**TASK DETAILS:**
For every record beneath this instruction, give an exact repetition, omitting images.

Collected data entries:
== Segment start ==

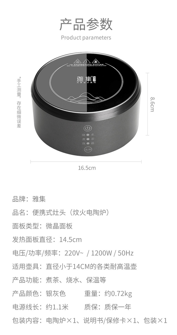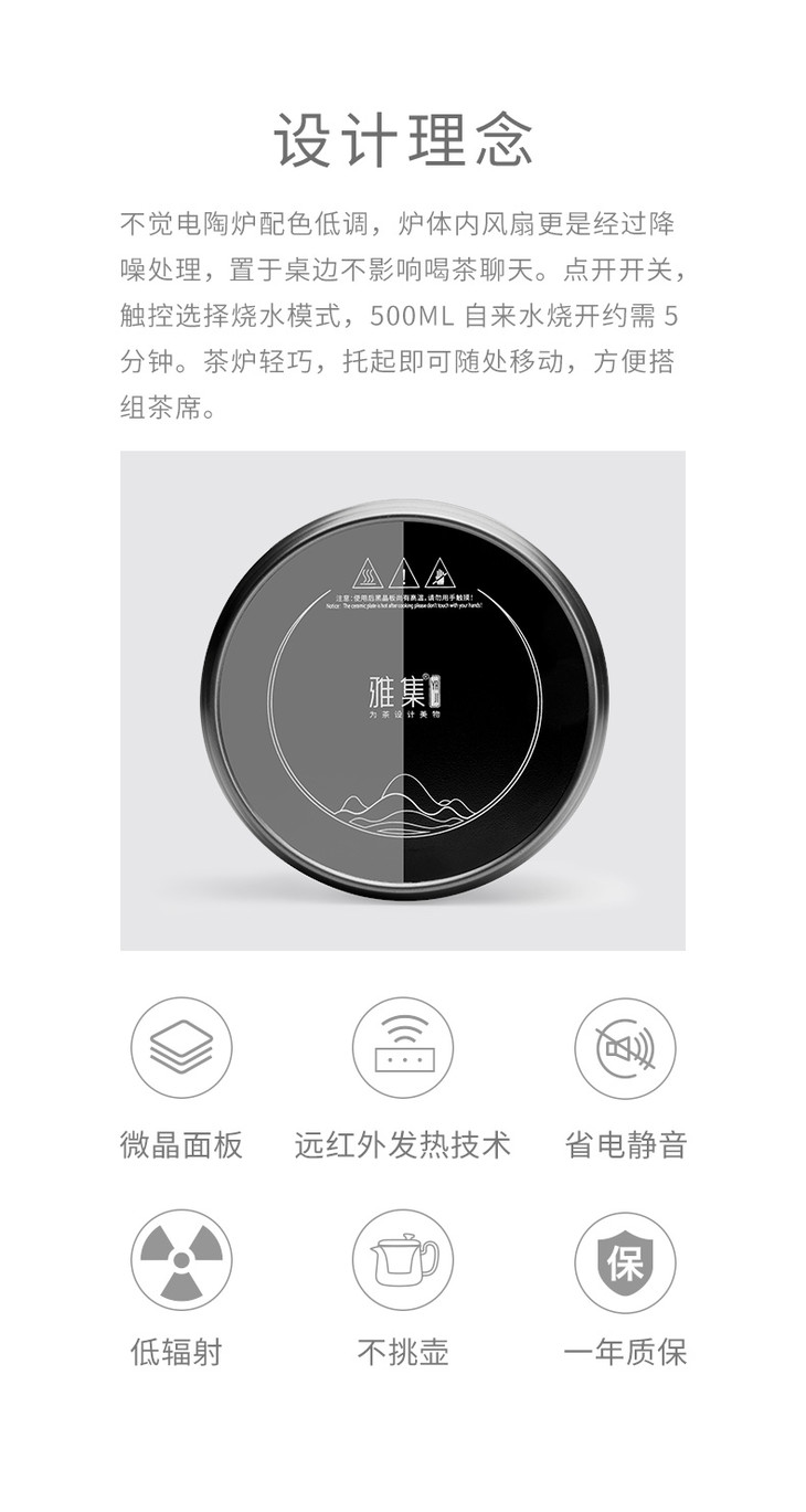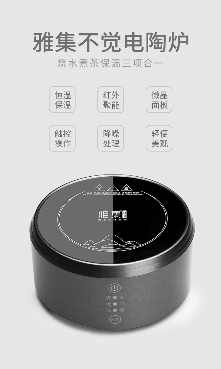 雅集 不觉电陶炉家用煮茶器茶炉烧水壶炉小型白茶普洱茶泡茶炉
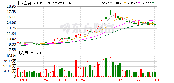 中信金属(601061)披露2025年中期利润分配预案,12月18日股价下跌0.07%
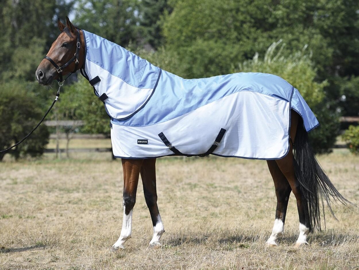 Sicherer Schutz der Mähne und des für Juckreiz anfälligen Bereiches vom Widerrist bis zum Kopf. Aus atmungsaktivem Funktions-Faserstoff. Der Bauchgurt sorgt für guten Halt.
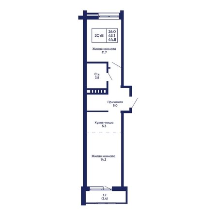 Для Вас в ЖК Gorizont есть квартира с ремонтом (1-комнатная квартира № 85, 38,9 кв²)!
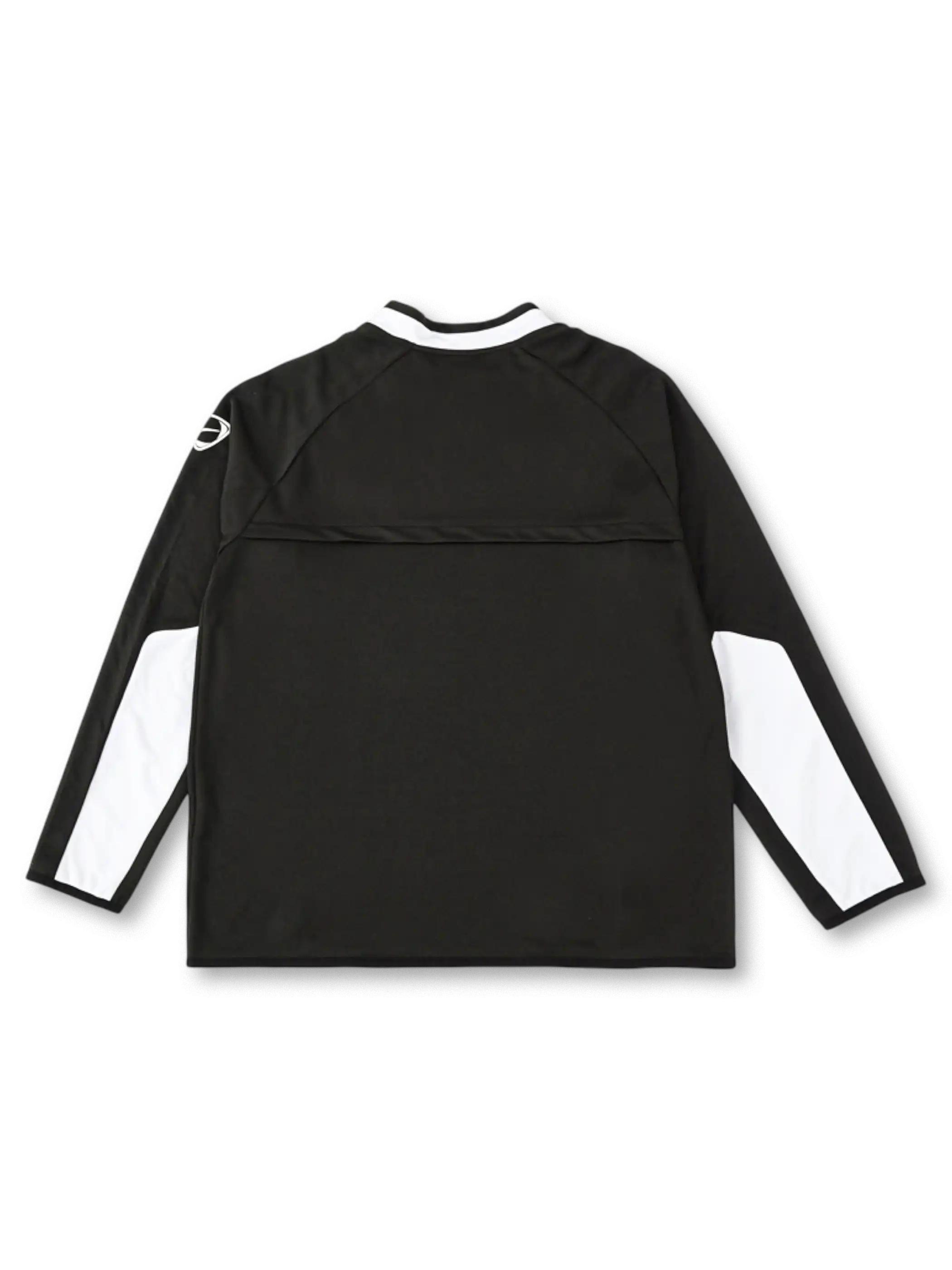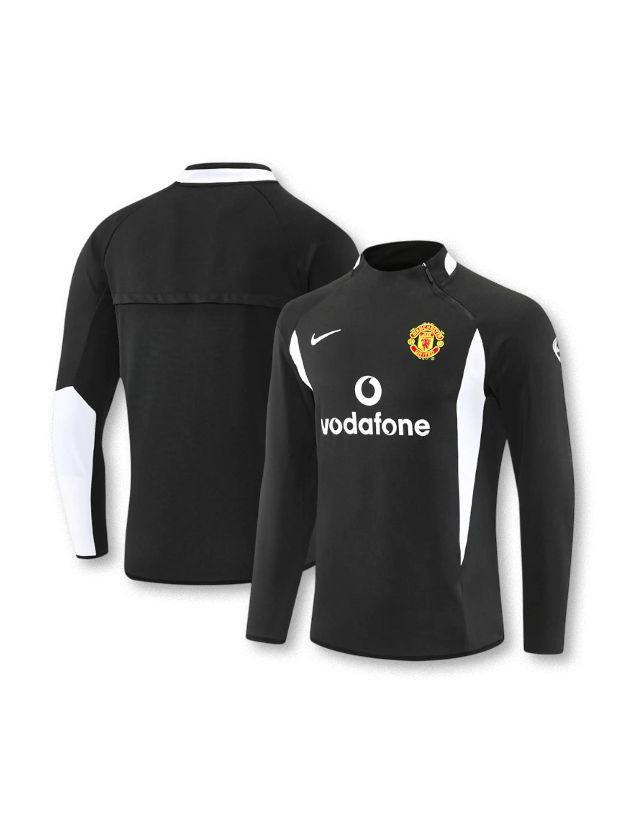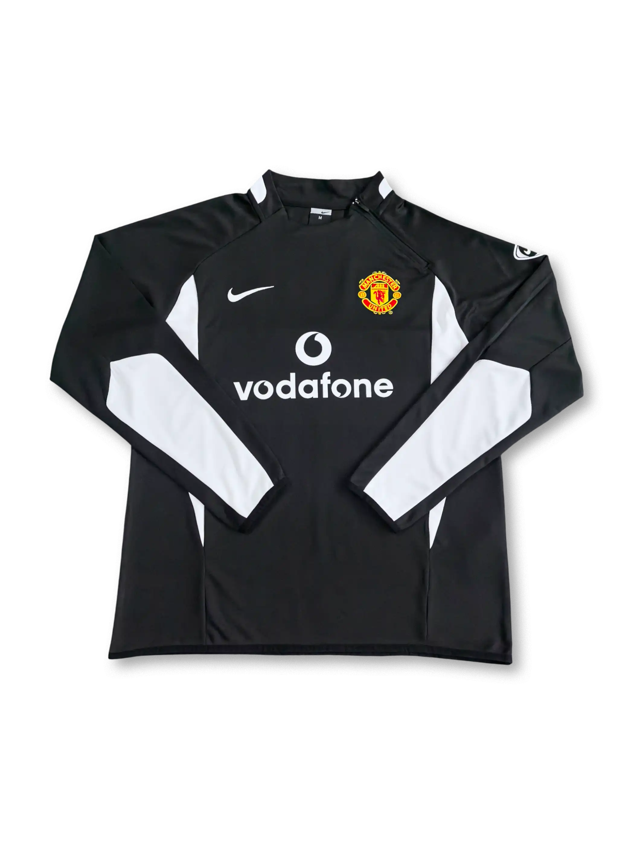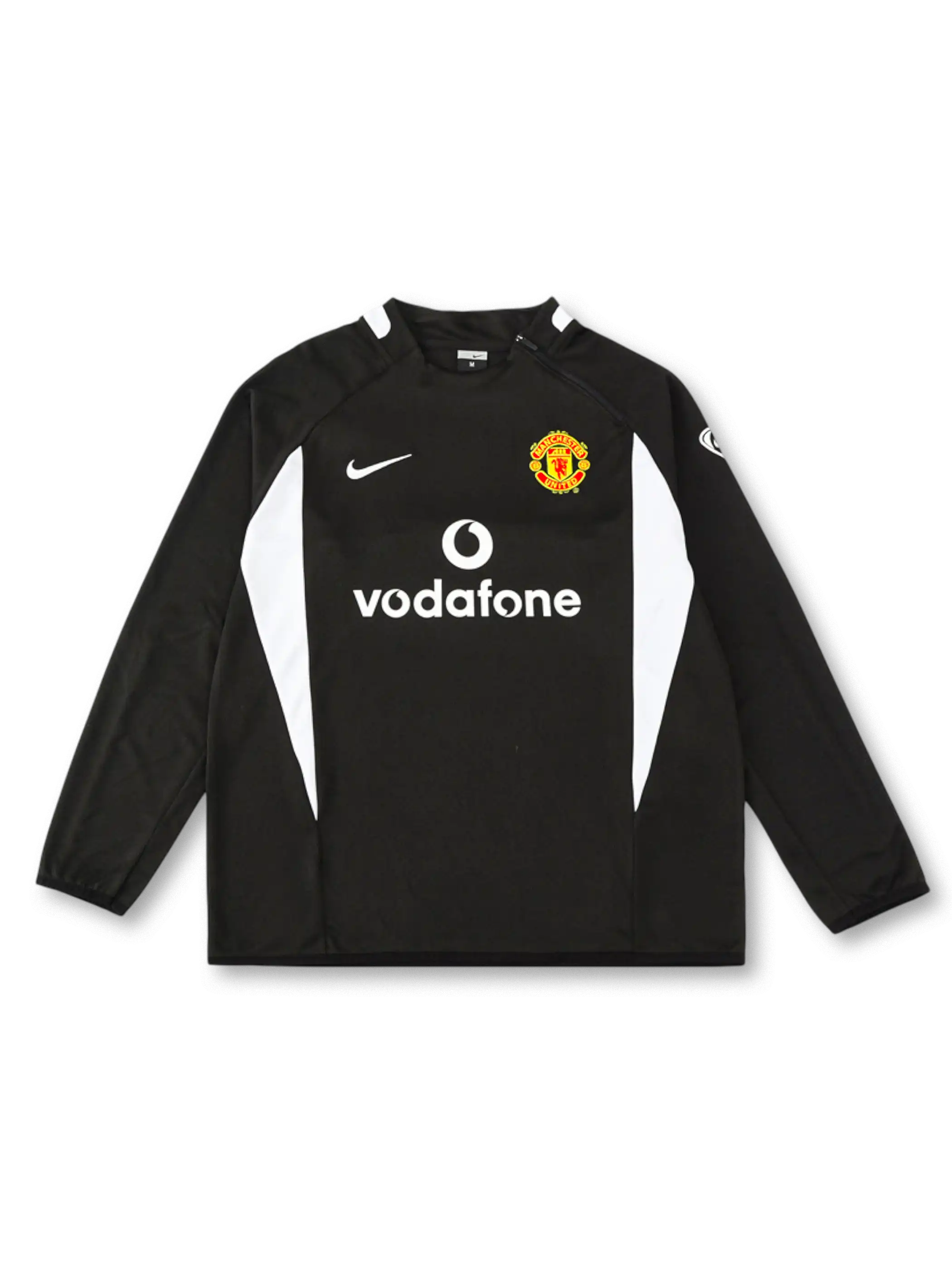 クラシックなブラックを基調にホワイトパネルをアクセントにしたデザイン。胸にはVodafoneロゴ、左胸にクラブエンブレム、右胸にNikeスウッシュを配置。長袖仕様でフィット感のあるシルエット。公式トレーニングウェアとして支給されたモデルで、2000年代前半のユナイテッドを象徴する一着。
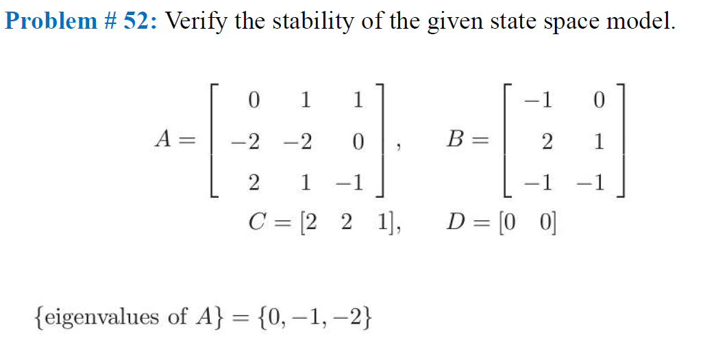 Solved Problem # 52: Verify the stability of the given | Chegg.com
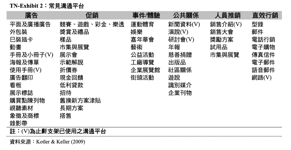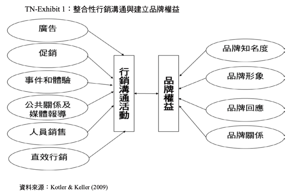 行銷溝通主要由六種傳播模式所建構,包括廣告、促銷、事件和體驗、促銷及直效行銷;行銷溝通也能藉由建立品牌知名度、刻劃品牌形象、對品牌產生回應,並連結品牌關係而對品牌權益有所貢獻,Exhibit 1即呈現出行銷溝通方案對於建立品牌權益的關係。
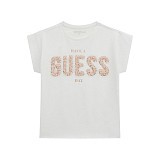 Футболка Guess для девочек – это идеальный выбор для стильных и комфортных образов! Изготовленная из 95% хлопка и 5% эластана, она украшена цветочным принтом и надписью 'Have a Guess Day'. Нежная белая основа с розовыми цветами и золотистой надписью создает легкую и приятную атмосферу. На фотографиях видна аккуратная розовая контрастная окантовка по краю и мягкая текстура ткани. Качество от бренда из США и внимание к деталям делают эту футболку отличным выбором для вашего ребенка!
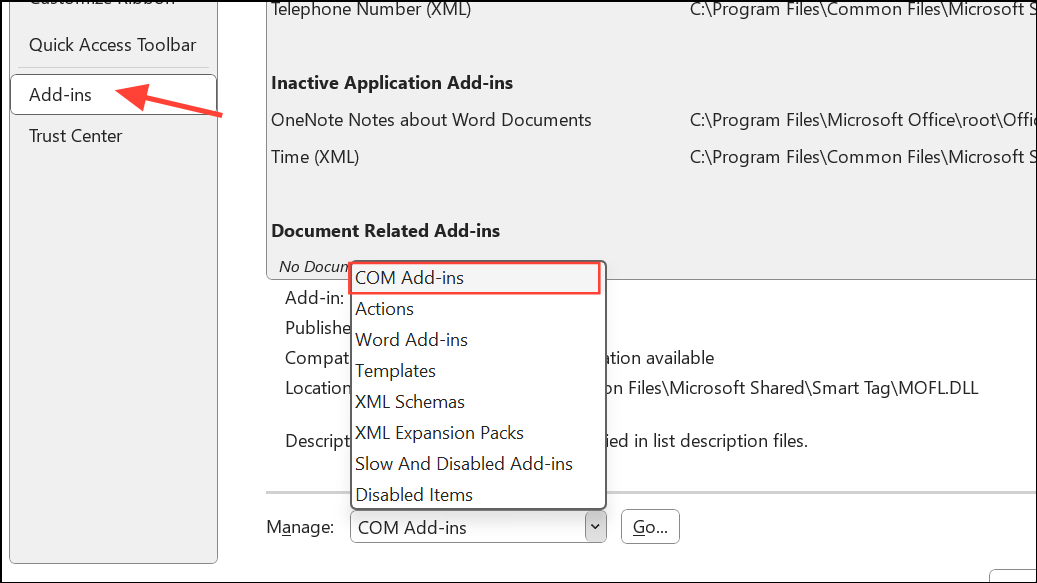 Step 3: To identify the culprit, go to File > Options > Add-ins. Click Go next to COM Add-ins.
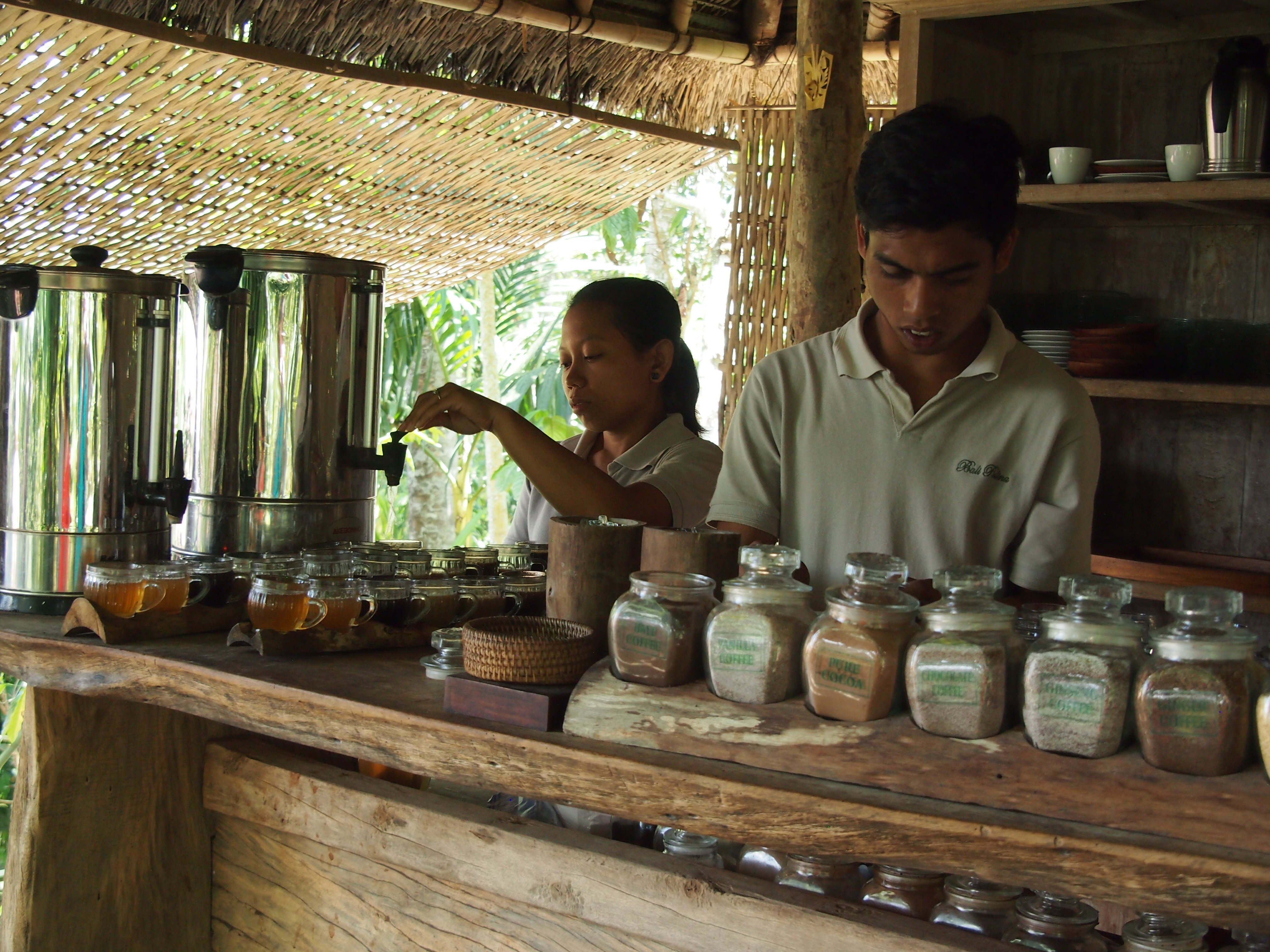 Um 09:00 Uhr ging heute Morgen unsere Rundreise mit der Fahrt zurück nach Sanur weiter. Als erstes sind wir in den Affenwald gefahren. Dort kann man wunderschön beobachten wie die Makaken durch die Bäume und über die Statuen klettern. Auch ein riesiger Ficus Benjamin mit Luftwurzeln über 30 m im Durchmesser verteilt haben wir dort bestaunt. Danach ging es weiter zu einer wunderschön im Hang gelegen Reis-Terrasse. Sehr interessant war auch ein Besuch in einem kleinen Gewürz und Kaffeehandel. Wir sahen die verschiedenen Bäume und Früchte welche hier wachsen. Auch konnten wir die verschiedenen Stufen der Kaffeeherstellung beobachten. Einschließlich der Mungos welche die Kaffeebohnen fressen und dann wieder ausscheiden was dann den berühmten Luwak Kaffee ergibt. All diese verschiedenen Sorten konnten wir hier probieren. Nach dem Mittagessen sind wir dann noch in eine Holzschnitzerei gefahren wo Peter sich einen Barong und Claudia sich einen Elefanten erhandelt haben. Auf speziellen Wunsch von Peter ging es dann noch zum Harley Händler bevor wir unser ausgewaschenes und getrocknetes Tauchgepäck in der Ena Tauchbasis in Empfang nehmen konnten. Dort haben wir dann den einen zusätzlichen Tauchtag bezahlt und bekamen eine landestypische Schnitzerei mit unserem Namen geschenkt. Angekommen im Puri Mesari Hotel haben wir die letzte Gelegenheit genutzt uns nochmal eine Massage zu gönnen und haben dann auch im Hotel lecker zu Abend gegessen.

== Segment end ==

**SOLVED PROBLEM:**
 雅集 不觉电陶炉家用煮茶器茶炉烧水壶炉小型白茶普洱茶泡茶炉
 中信金属(601061)披露2025年中期利润分配预案,12月18日股价下跌0.07%
 Sicherer Schutz der Mähne und des für Juckreiz anfälligen Bereiches vom Widerrist bis zum Kopf. Aus atmungsaktivem Funktions-Faserstoff. Der Bauchgurt sorgt für guten Halt.
 Для Вас в ЖК Gorizont есть квартира с ремонтом (1-комнатная квартира № 85, 38,9 кв²)!
 クラシックなブラックを基調にホワイトパネルをアクセントにしたデザイン。胸にはVodafoneロゴ、左胸にクラブエンブレム、右胸にNikeスウッシュを配置。長袖仕様でフィット感のあるシルエット。公式トレーニングウェアとして支給されたモデルで、2000年代前半のユナイテッドを象徴する一着。
 Solved Problem # 52: Verify the stability of the given | Chegg.com
 行銷溝通主要由六種傳播模式所建構,包括廣告、促銷、事件和體驗、促銷及直效行銷;行銷溝通也能藉由建立品牌知名度、刻劃品牌形象、對品牌產生回應,並連結品牌關係而對品牌權益有所貢獻,Exhibit 1即呈現出行銷溝通方案對於建立品牌權益的關係。
 Футболка Guess для девочек – это идеальный выбор для стильных и комфортных образов! Изготовленная из 95% хлопка и 5% эластана, она украшена цветочным принтом и надписью 'Have a Guess Day'. Нежная белая основа с розовыми цветами и золотистой надписью создает легкую и приятную атмосферу. На фотографиях видна аккуратная розовая контрастная окантовка по краю и мягкая текстура ткани. Качество от бренда из США и внимание к деталям делают эту футболку отличным выбором для вашего ребенка!
 Step 3: To identify the culprit, go to File > Options > Add-ins. Click Go next to COM Add-ins.
 Um 09:00 Uhr ging heute Morgen unsere Rundreise mit der Fahrt zurück nach Sanur weiter. Als erstes sind wir in den Affenwald gefahren. Dort kann man wunderschön beobachten wie die Makaken durch die Bäume und über die Statuen klettern. Auch ein riesiger Ficus Benjamin mit Luftwurzeln über 30 m im Durchmesser verteilt haben wir dort bestaunt. Danach ging es weiter zu einer wunderschön im Hang gelegen Reis-Terrasse. Sehr interessant war auch ein Besuch in einem kleinen Gewürz und Kaffeehandel. Wir sahen die verschiedenen Bäume und Früchte welche hier wachsen. Auch konnten wir die verschiedenen Stufen der Kaffeeherstellung beobachten. Einschließlich der Mungos welche die Kaffeebohnen fressen und dann wieder ausscheiden was dann den berühmten Luwak Kaffee ergibt. All diese verschiedenen Sorten konnten wir hier probieren. Nach dem Mittagessen sind wir dann noch in eine Holzschnitzerei gefahren wo Peter sich einen Barong und Claudia sich einen Elefanten erhandelt haben. Auf speziellen Wunsch von Peter ging es dann noch zum Harley Händler bevor wir unser ausgewaschenes und getrocknetes Tauchgepäck in der Ena Tauchbasis in Empfang nehmen konnten. Dort haben wir dann den einen zusätzlichen Tauchtag bezahlt und bekamen eine landestypische Schnitzerei mit unserem Namen geschenkt. Angekommen im Puri Mesari Hotel haben wir die letzte Gelegenheit genutzt uns nochmal eine Massage zu gönnen und haben dann auch im Hotel lecker zu Abend gegessen.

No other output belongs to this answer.